Anyway, the purpose isn't visualization after the program has run, it is 
more like

    pretty(log_stream) << my_particle;

in the code itself.  I'm catering to printf-style debugging.  This is 
what the Beakers (jargon for "Physicists"... think Dr. Benson Honeydew 
and his assistant...)  like to do, and since I'm ripping out the old 
serialization method (from the root analysis toolkit, which involves 
running your headers through a quasi-compiler which generates 
serialization functions, and which pukes the moment it sees anything in 
namespace boost...)  and since the beakers will react violently to this 
at first,  it would be good to toss them a bone as well, like "you get 
ToStream(ostream&) for free".  Now that I see memoization_archive, I see 
I can give them something else, too....

But to focus on reformatting as you suggest, I could concievably do it 
with some kind of xml-reformatting stream.   Make a convenience function 
that wraps the insertion into xml_oarchive(stringstream) and the pass 
through the tag-removing reformatter.   Would be a good opportunity to 
play with iostreams.  Yeah, sounds good.  OK.
...
I'm not sure I'm convinced of this.
I recommend the following when you make a new archive
a) run the code module for the new archive through Gimple LINT and fixup the
obvious oversights.
b) make a file similar to text_archive.hpp in the test directory for your
new archive - new_archive.hpp
c) modify the Jamfile in the serialization test directory to include your
new archive archive
d) invoke the batch/script file run_archive_test <compiler>
<new_archive.hpp>
This will run all the serialization tests against your new archive.  It
takes a while - but its worth it.
Sure.  I did this with variant, it works great.
...
I recommend the following when you make a new serializable class.
a) run the code module for the new serializable class through Gimple LINT
and fixup the obvious oversights.
b) using the other tests as a basis, make a new test for your new
serializable class.
c) in the course of this you may have to make additions to your new class
such as operator= or you might not.  Perhaps, adding a global
operator=(const T lhs &, const T &rhs) might be added just to the test.
d) add test for your new class to the Jamfile in serialization/test
e) invoke batch/shell script runtest <compiler> to generate a table of all
tests including your new one.  These tests will run your new class against
all currently defined archives.  This is important as some archives are not
sensitive to some errors.  For example, tagged XML can recover from some
errors whereas the more efficient native binary cannot.
I've already learned from experience to have the testsuites run on all 
archive types automatically, if for no other reason than to catch places 
where you've forgotten to use make_nvp().  I'm with you.

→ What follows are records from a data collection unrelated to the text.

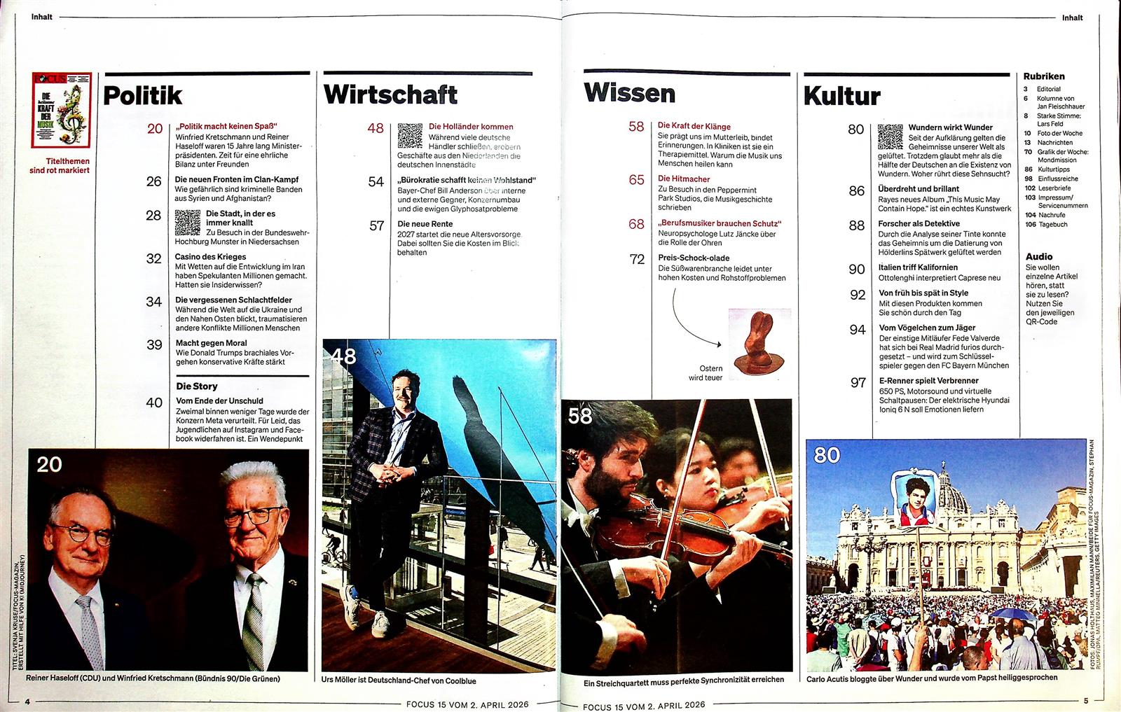 Mit einem Focus Abo erwartet die Leser das gesamte Spektrum gesellschaftsrelevanter Themen. Gegliedert in sieben Rubriken liefert die Zeitschrift nicht nur Nachrichten, sondern nützliche Fakten und Einordnungen. Unterstützt werden die Berichte mit Bildern und aufschlussreichen Infografiken. Politische Diskurse und wirtschaftliche Entwicklungen bilden die Basis in seiner Themenwelt. Geschehnisse werden eingeordnet, die Geschichten und Persönlichkeiten dahinter beleuchtet. Kompetente Analysen und Handlungsstrategien rund um das Anlage- und Finanzwesen warten auf den Leser in der Rubrik Finanzen.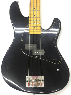 7 screws, split “P” style pickup, large hole for knob, pickguard wraps around end of neck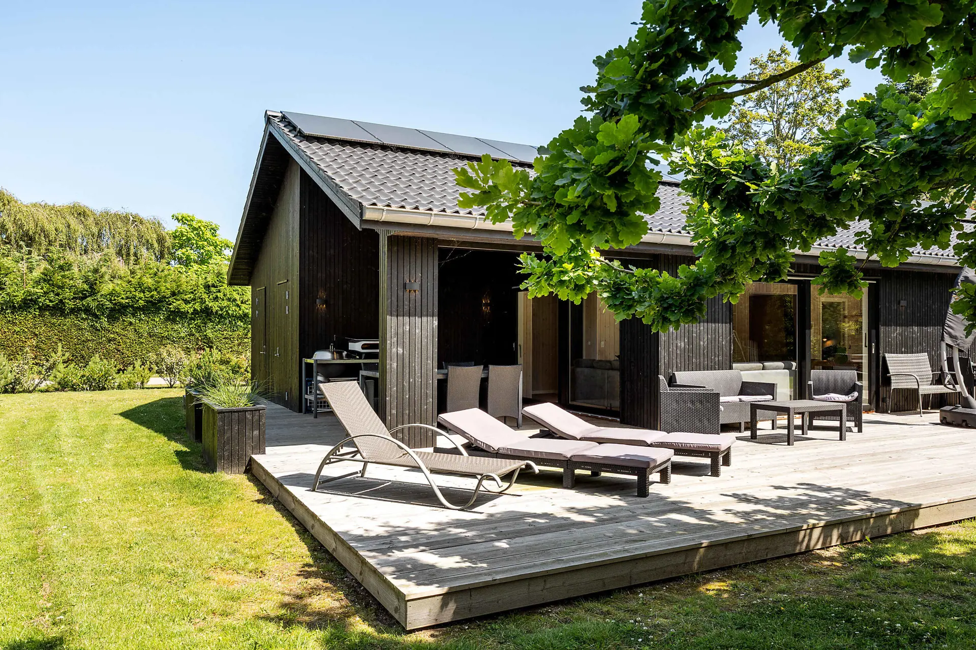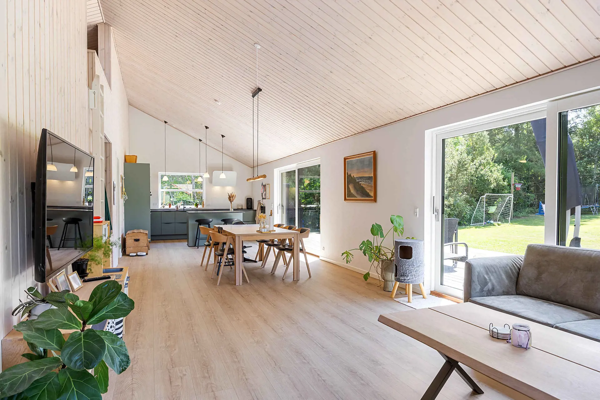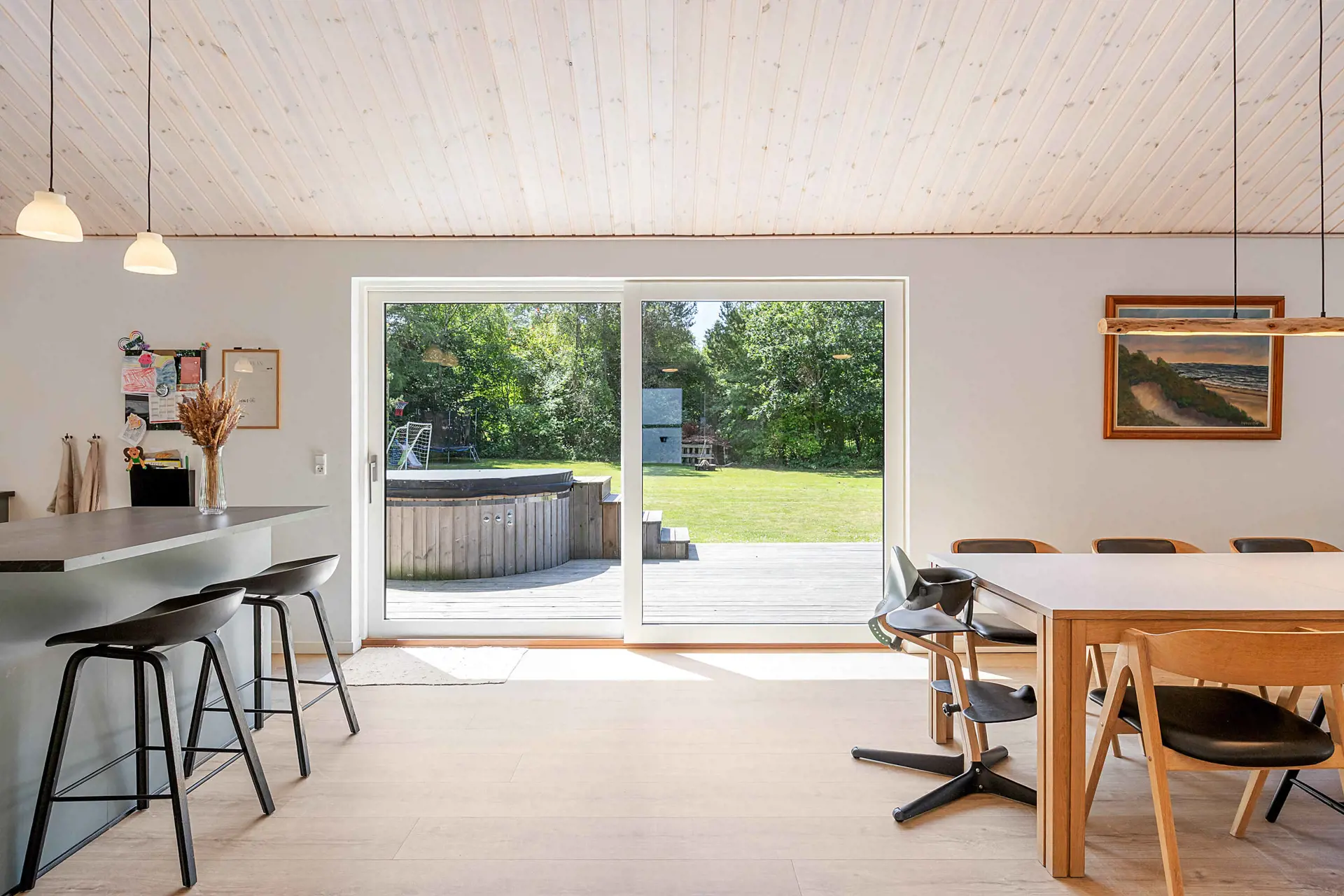 Es gibt drei schöne Schlafzimmer mit Doppelbetten sowie einen Dachboden, der als zusätzlicher Schlafplatz oder gemütliche Rückzugsecke genutzt werden kann. Zudem verfügt die Wohnküche über eine behagliche Alkove für Kinder und Erwachsene.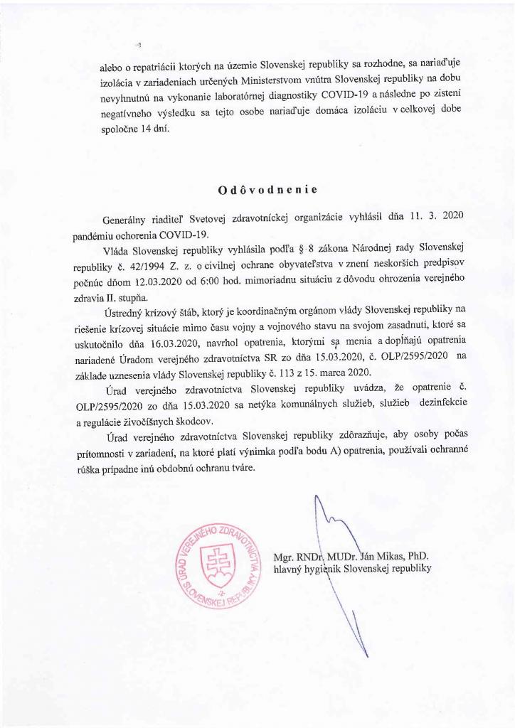 Opatrenie Úradu verejného zdravotníctva Slovenskej republiky pri ohrození verejného zdravia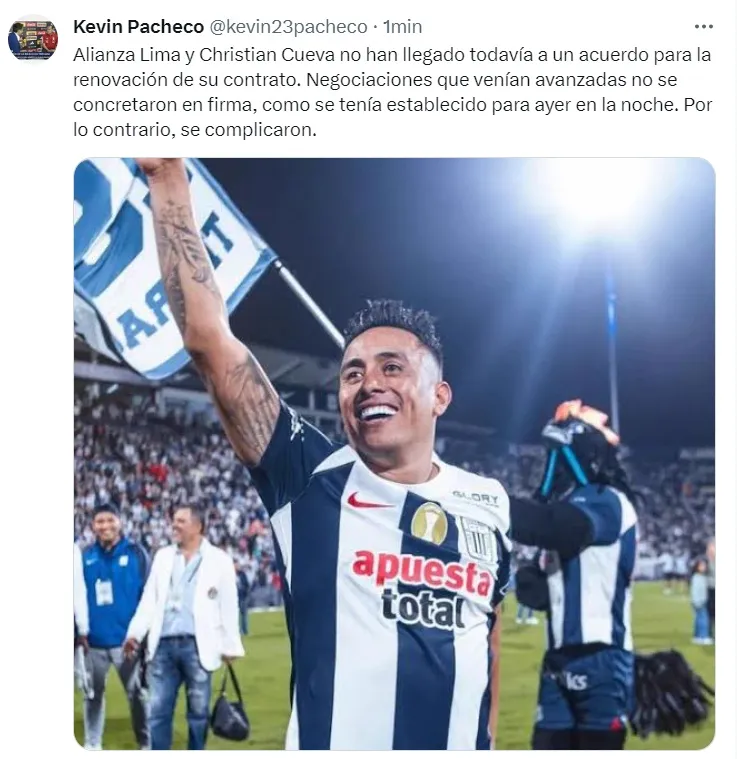 Con este nuevo panorama, técnicamente venció la cesión entre Christian Cueva y Alianza Lima, la cual caducaba el jueves 31 de agosto. Ahora, Kevin Pacheco explicó que existe un periodo de gracia para continuar negociando, pero tendrán que cerrar pronto.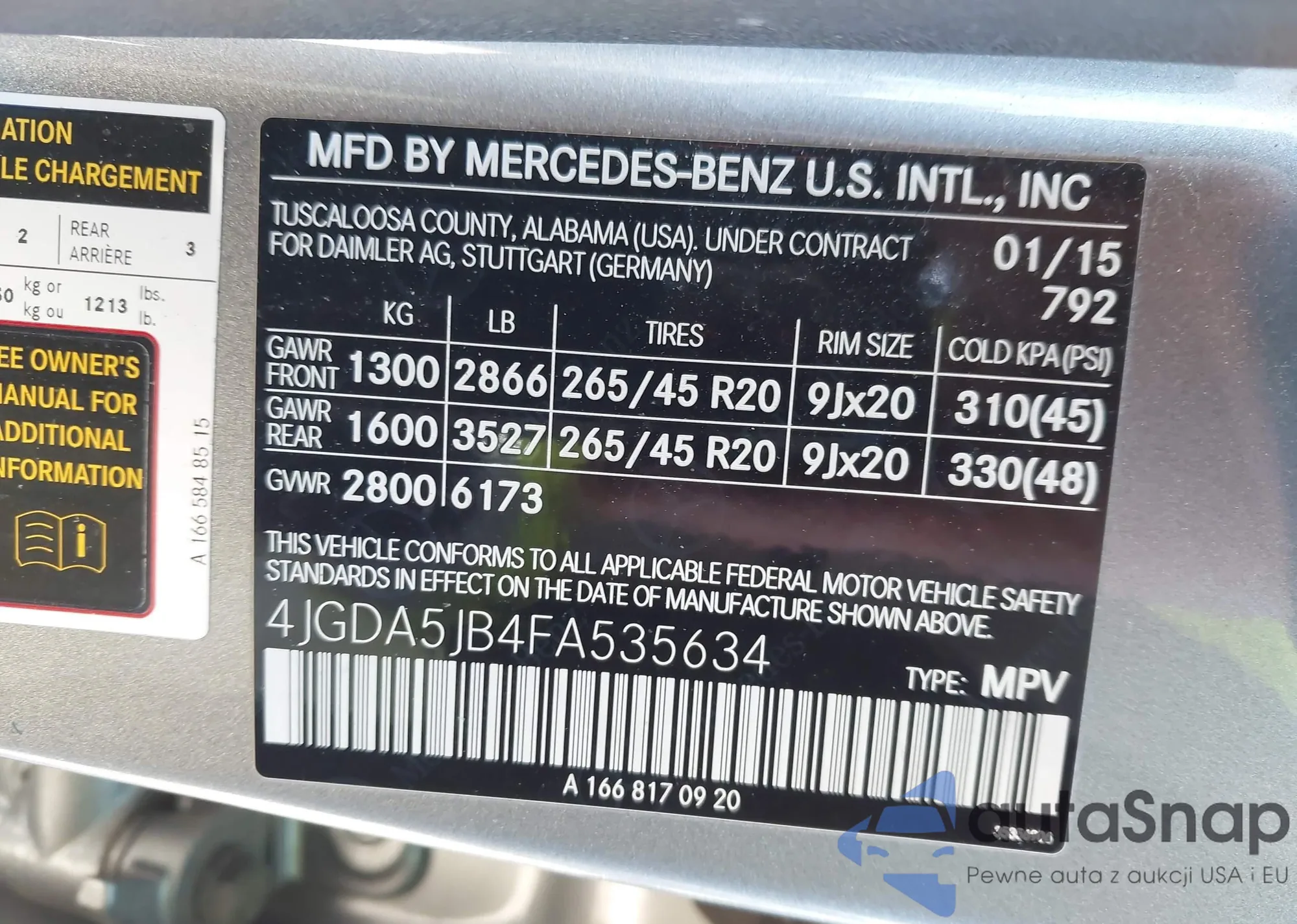 The car Mercedes-Benz M-klasse 2015 (VIN 4JGDA5JB4FA535634) has not been auctioned before. The documents are clean, and the mileage matches or is below the market average. Sold by an insurance company – we recommend purchase. Delivery to the port will take approx. 6–8 weeks.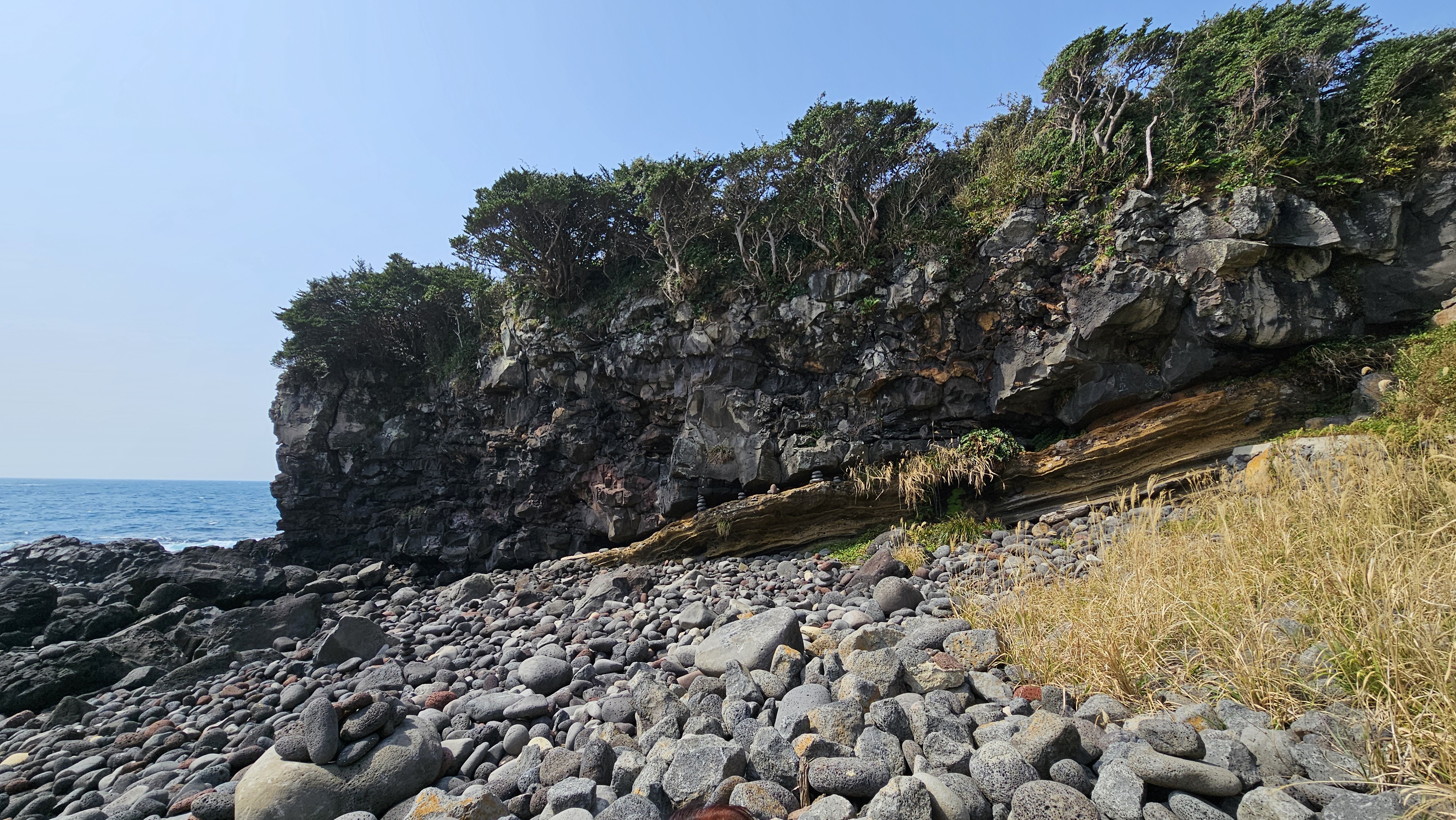 기암절벽과 먹돌해안이 어우러져 비경을 이룬다.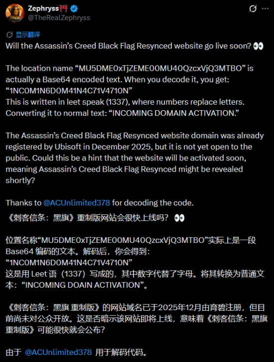 两大《刺客信条》粉丝社区(Isu Network与The Ones Who Came Before)的社交媒体管理员Zephryss敏锐地指出,这一线索很可能和育碧前一段时间注册的《刺客信条4:黑旗 重制版》域名有关。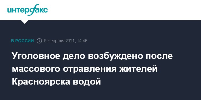 Уголовное дело возбуждено после массового отравления жителей Красноярска водой

The random_iarchive is intended as a tool to be used in this process: 
for instance, I won't sleep well until I have seen a terabyte's worth of 
events get serialized in one run....  The tests have to be *big*, 
stressful, lots of data.
...
Even if you only use just one particular compiler for the application you
ship, I would recommend building and running all tests on at least two
pretty good different compilers.  For example, gcc 3.4? and VC 7.1 is a good
combination.  This will often uncover subtle ambiguities that would
otherwise linger on for years inflicting programmer pain.
I have to say the one single most important thing I've learned from boost is
that its cheaper to maintain the test suite and build for several compilers
than it is to debug the application.  bjam (which DOES drive me crazy) is a
godsend for doing this kind of thing.
Sure, you don't have to convince me of this.  There's nothing more 
beautiful than a rigorous set of test suites.  I'm a crusty UNIX guy 
with abysmal debugger skills, I'm dependent on them.

We have a similar testing infrastructure that I've thrown together... 
We're a "make" shop...  I wasn't sold on bjam.  And running classes 
through all archive types, automatically, is obviously the only way to 
do it:  I put together a few macros to accomplish this in code rather 
than in a bunch of build-system mechanics.  One macro creates tests for 
one class through all archives.  Not sure if they would integrate with 
Boost.Test so easily, though, and Boost.Test is surely more robust in 
various ways in case of failure.  I can post 'em if you're curious.
...
...
Another problem is that if a class contains vector<shared_ptr<Base> >,
you'd like to be able to populate this with  shared_ptr<Derived>,
where Derived is randomly selected from the set of classes that
inherit from
Base.  Since serialization requires these classes to be registered, it
seemed to me there might be a way to do this.  But maybe its all
overkill.
If you don't find the above sufficient, then its not overkill.  As I said
the pain of writing the test is nothing compared to shipping a product with
a bug.
I was wondering how to accomplish it.  I am in, say,

template <typename T> void 
random_iarchive::load_override(vector<shared_ptr<T> >), with T = Base.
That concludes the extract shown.